越前竹人形 1973年(昭和48年) ドラマ傑作選
竹細工職人の喜助(池田秀一)は、かつて父の世話になったという遊女の玉枝(司葉子)
と出会い心惹かれる。
やがて喜助は金を工面して玉枝を身請けし、二人は結婚する。
しかし喜助は年上の玉枝に母の面影を感じ、妻であるその肌に触れようとしなかった。
玉枝は一心に竹人形を作る喜助に献身的だったが、その幸せも長くは続かなかった。
ある日、遊郭時代の馴染みだった崎山(北村和夫)が訪れる。
応対した玉枝は、好色な崎山に手篭めにされ身ごもってしまう…。
失意の中、堕胎に失敗し流産した玉枝は、そのまま息を引き取る。
悲しみに暮れる喜助は、その後二度と人形作りをする事はなかった。
雪深い越前の一寒村を舞台に、心美しき遊女・玉枝と竹細工職人・喜助との哀しき恋の物語。

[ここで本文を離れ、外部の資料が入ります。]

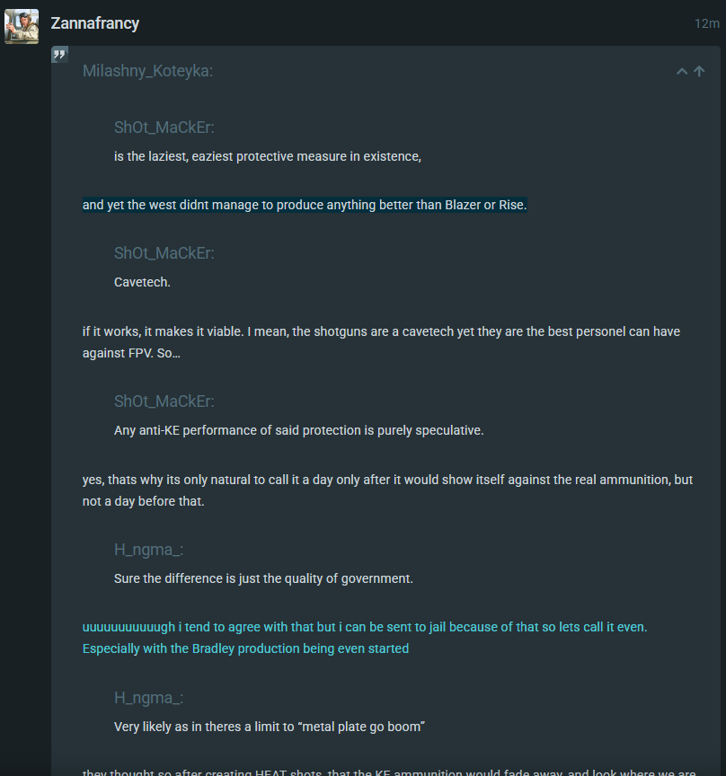 Relikt, nizh and pretty much every other KE focused era becomes pretty much useless against kinetics on a side and top profile, this is on top of the fairly understood counter mechanisms, at the absolute least every modern western armor package that I saw some protection data for offers complete protection against 25mm apfsds and that’s just what is made public through stanag, this is whilst offering much superior defenses against chemical munitions, especially when taking tandem era like Arat 2 into account, now we have no real knowledge on the true capabilities of western armor packages, but make no mistake they aren’t big heavy and expensive for fun.
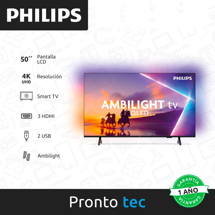 ¡Innovador, inmersivo, simplemente increíble! Preparate para tener los colores brillantes de la mano de tu smart tv Phillips QLED 4K, con Ambilight inmersivo, Sonido 3D con Dolby Atmos igual que como en el cine, y todo de la mano de un sistema operativo para ver todo lo que te gusta intensificando e...
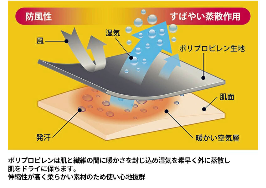■ポリプロピレンは肌と繊維の間に暖かさを封じ込め湿気を素早く外に蒸散し肌をドライに保ちます。伸縮性が高く柔らかい素材のため使い心地が抜群です。
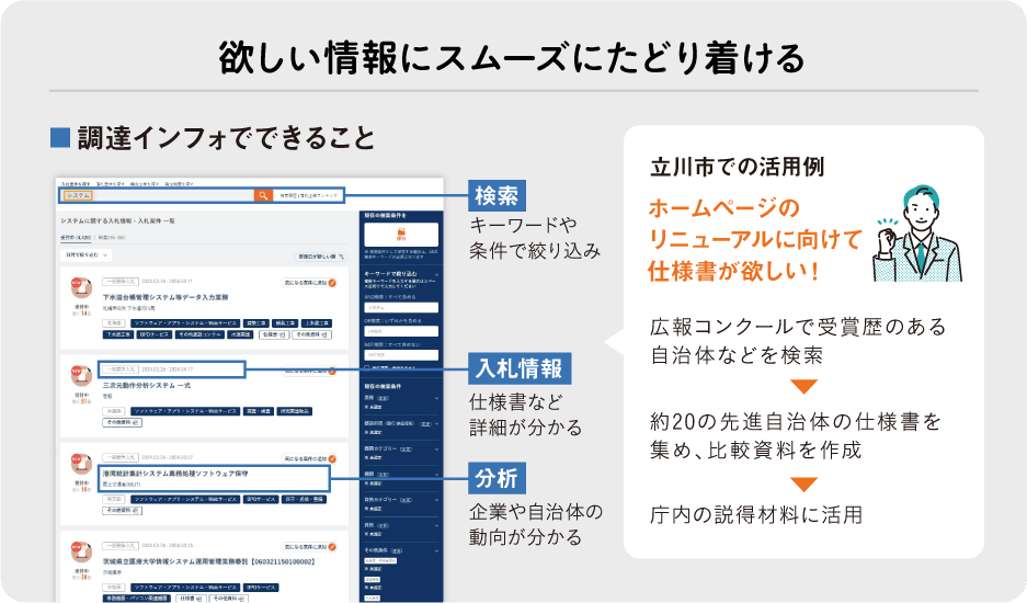 キーワードの設定や、担当課に合った活用方法を電話やWEB会議でサポート。必要な仕様書がスムーズに手に入るコツも案内する。
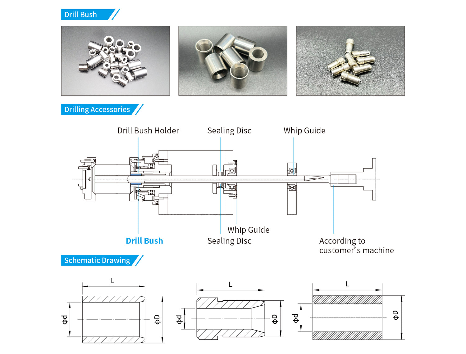 HTT specializes in making high-precision drilling accessories. We have large inventory for drill bushes, drill bush holders, whip guides, sealing discs and other tool accessories. All parts can be customer-made. The tolerance is as little as ± 0.005mm, the smallest ID can be 0.3mm. They are for metal, mold, medical equipment, aerospace and other industries.

司葉子は「昼ドラ」の出演者としては異例の大物女優だが、初の汚れ役にも果敢に挑戦した。
彼女はこの当時、芸能誌のインタビューで、どうしても遊女役をやりたかったと語っている。
というのも、デビュー以来演じてきたのは、良家の令嬢や奥様といった上品な役柄ばかり。
演技のうえで、そうした飾り物的存在でいることに、内心、欲求不満を抱いていたらしい。
本作では、内に秘めた女の情念を体当たりで熱演し、女優としての新境地を披露している。
(制作)TBS、東宝(原作)水上勉(脚本)中井多津夫
(主題歌)島倉千代子「越前竹山唄」(作詞:西沢爽、作曲:土田啓四郎)
(配役)玉枝(司葉子)氏家喜助(池田秀一)崎山忠平(北村和夫)
喜左衛門(下條正巳)人形問屋の主人(清水元)船頭(加藤嘉)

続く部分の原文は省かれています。